Hello I have the following question:
I need to show if the functor $\Bbb{Q}\otimes_R-$ from $\Bbb{Z}$-modules to $\Bbb{Q}$ vector spaces are left exact, right exact or even nothing.
I somehow struggle understanding this functor so I mean before I can figure out if we have a type of exactness I should understand what this functor does. Could maybe someone explain me this and give me a hint if we have some tipe of exactness so that I know where I need to look in more detail. You don't need to tell me why we have this tipe but only a hint so that I'm not totally lost and I get a feeling.
Thanks for your help
Let $R$ be a ring and $M$ be an $R$-module. You know that the tensor product with $M$ has a universal property. Use this to show that any $R$-linear map $f:N\rightarrow N'$ induces an $R$-linear map $M\otimes_R f: M\otimes_R N \rightarrow M\otimes_R N'$. If you want to have a concrete assignment: it is the map given by $m\otimes n \mapsto m \otimes f(n)$. It is then easy to check that this makes $M\otimes_R -$ into a functor from $\mathsf{Mod}_R$ to $\mathsf{Mod}_R$.
If instead of an $R$-module you use an $R$-algebra $A$, something interesting happens: $R$-modules of the form $A\otimes_R N$ have a canonical $A$-module structure with multiplication given by $a\cdot (a‘\otimes n) = (aa‘)\otimes n$. Hence we may regard $A\otimes_R -$ as a functor from $\mathsf{Mod}_R$ to $\mathsf{Mod}_A$.

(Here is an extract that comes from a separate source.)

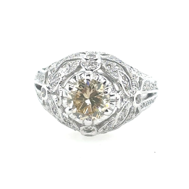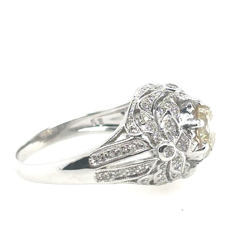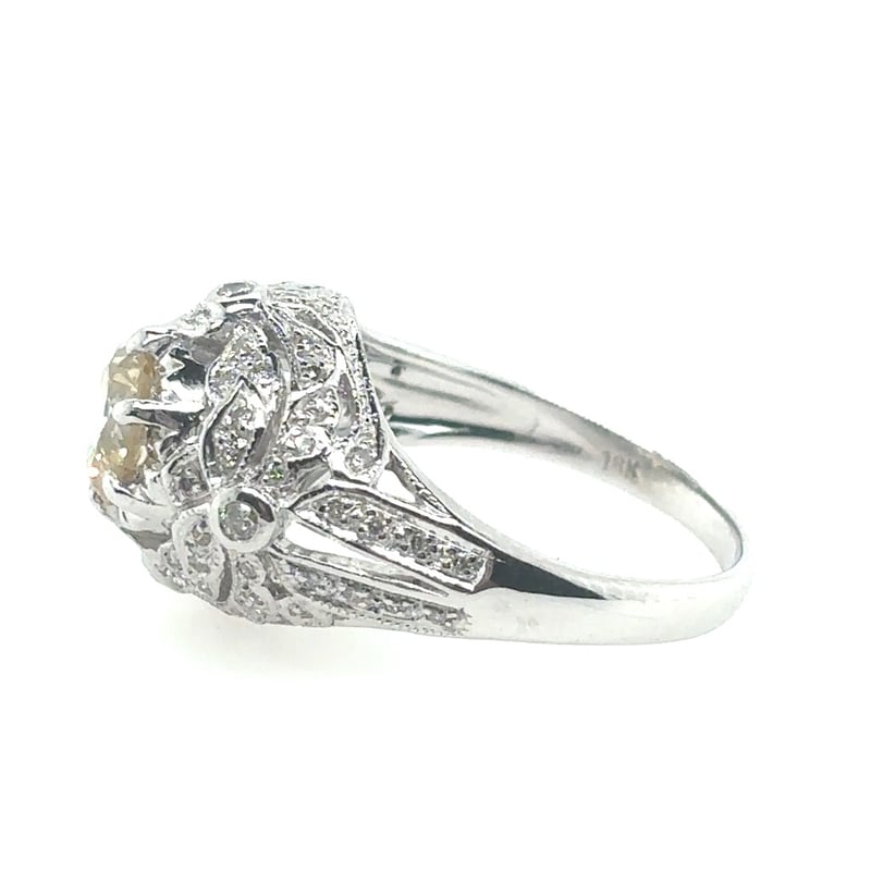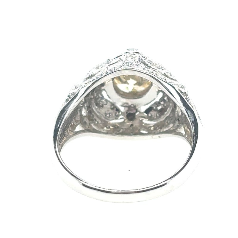 18CT WHITE GOLD DIAMOND RING, ART DECO STYLE.Featuring A Round Brilliant Cut Diamond, Claw Set, 1.08Tcw (6.5Mm). 72 Brilliant Cut Diamonds 0.60Tcw. Finger Size N.Clarity: Si. Colour: Fancy Light Yellow.Total Item Weight: 6.54gCondition: Good - Refer To ImagesThis valuation has been conducted by an independent third-party professional. The valuation amount is an assessment by the issuing valuer and does not reflect the auction value of the item.Any inquiries regarding the valuation should be directed to the issuing valuer (refer to contact details on the certificate), as Lloyds Auctions has no affiliation or influence over the valuation, the valuer, or the stated amount.Insurance Replacement Valuation Amount: $27,500.00CROSSDOCK162898+8

Now we recall some properties of the tensor product:
By the usual discussion we have a canonical isomorphism of $R$-modules $$\begin{array}{rcl} A\otimes_R (M\oplus N) & \overset{\cong}{\longrightarrow} & (A\otimes_R M)\oplus(A\otimes_R N)\\ a \otimes (m,n) & \longmapsto & (a\otimes m, a\otimes n) \end{array}$$ which is in fact an isomorphism of $A$-modules (with the canonical $A$-module structure described above). This shows that the functor $A\otimes_R -$ is additive.
By the explicit description of the morphism $M\otimes f$ given above it is easy to see that if $f$ is surjective, so is $M\otimes f$. Together with the additivity this makes $A\otimes_R-$ right exact.
Note that up until now we could do everything in full generality. But for left exactness we need more assumptions. In general neither of the functors $M\otimes_R -$ or $A\otimes_R -$ is left exact. A counterexample is $R=\Bbb Z$, $f:\Bbb Z \rightarrow \Bbb Z, x\mapsto 2x$, $A=\Bbb Z/2\Bbb Z$, since $\Bbb Z/2\Bbb Z\otimes_{\Bbb Z} \Bbb Z = \Bbb Z$ and $\Bbb Z/2\Bbb Z \otimes_\Bbb{Z}=0$.
One says that a module $M$ respectively an algebra $A$ is flat over $R$, of the corresponding tensor functor $M\otimes_R -$ respectively $A\otimes_R -$ is left exact. So in your example we just need to figure out, whether $\Bbb Q$ is flat over $\Bbb Z$. This is true since $\Bbb Q$ is a localization of $\Bbb Z$ and localization is exact.